Born in 1976, Robert grew up in Nottinghamshire “in a very outdoor-loving family. We went wherever there were mountains and islands, which was usually a long way from Nottinghamshire.” Did he always love being outside? “Depends who you ask! In my memory, yes; in my mother’s memory, I refused to take the dog for a walk.”

It was mountains in particular that appealed to a young Robert: “I was an incompetent climber but an avid climber,” he says with a smile, “and that makes for a dangerous climber.”

From the tender age of 6, he braved all manner of rock faces, “until 1999, when I lost my nerve in the Alps. I got to what’s called a ‘donkey ride’, where you reach a fin of rock and you can’t really climb around it. The safest way to get across it is to donkey ride it,” he says, demonstrating how he’d put a leg either side and shuffle forwards on his bottom, “but there was a thousand-foot drop on either side.

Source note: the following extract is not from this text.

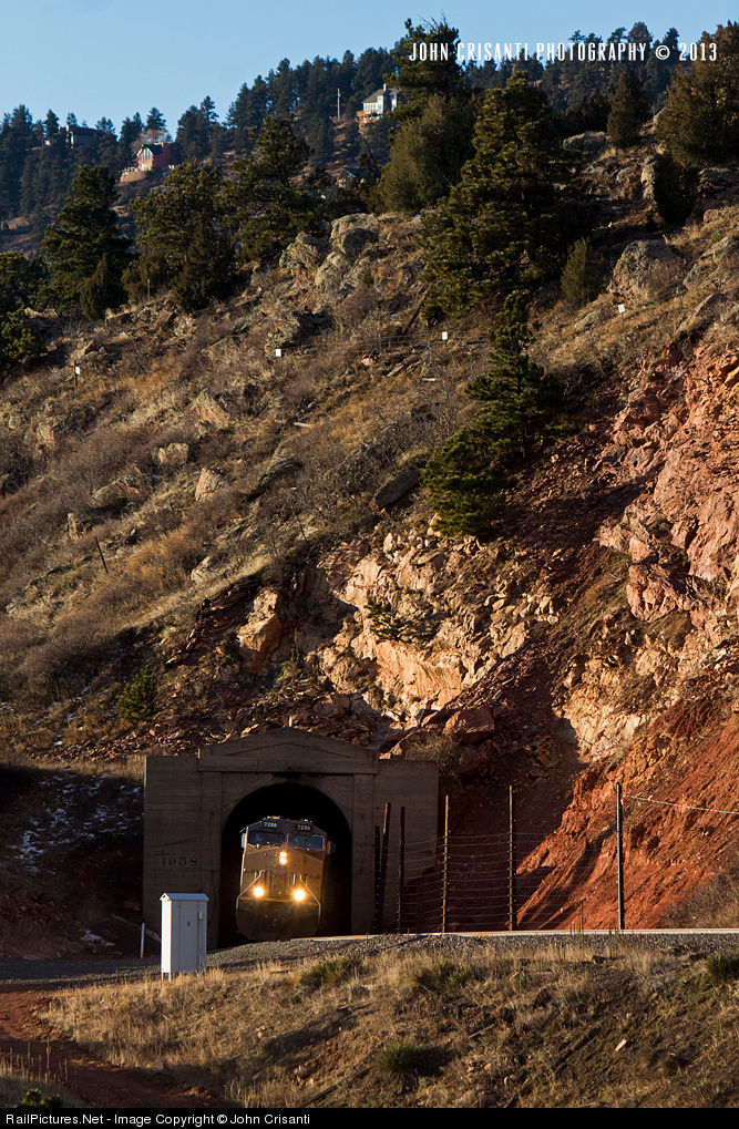 After climbing the 2% grade through Coal Creek Canyon, the MNYRO 27 (North Yard, CO to Roper Yard, UT Manifest) exits Tunnel #1 just south of Plainview. The train still has 29 more tunnels before reaching the East Portal.

My mind was willing but my body was not, and we turned back.

“So I just had to think quite hard about what I wanted from the mountains. And it was great, because that began whole 15 years of thinking and writing about our imaginative relationships with places.”

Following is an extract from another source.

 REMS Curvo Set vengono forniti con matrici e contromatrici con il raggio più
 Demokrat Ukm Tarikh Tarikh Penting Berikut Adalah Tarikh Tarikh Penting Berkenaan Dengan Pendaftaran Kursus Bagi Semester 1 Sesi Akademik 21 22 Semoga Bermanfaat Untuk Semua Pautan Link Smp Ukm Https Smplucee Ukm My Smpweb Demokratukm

Robert’s first book, Mountains of the Mind (2003), did astonishingly well, beating that year’s Booker winner (DBC Pierre’s Vernon God Little) and Monica Ali’s Brick Lane to win the prestigious Guardian First Book Award. He was just 26.

“It was a total surprise and completely wonderful,” he recalls. “I got a phone call from my editor saying ‘You’ve won!’ just before I went into a governing body meeting, which is where all the fellows sit like a quorum of ravens. I sat there hugging this secret to myself, thinking ‘I just wonder if everything’s changed a little bit?’ And so it had.”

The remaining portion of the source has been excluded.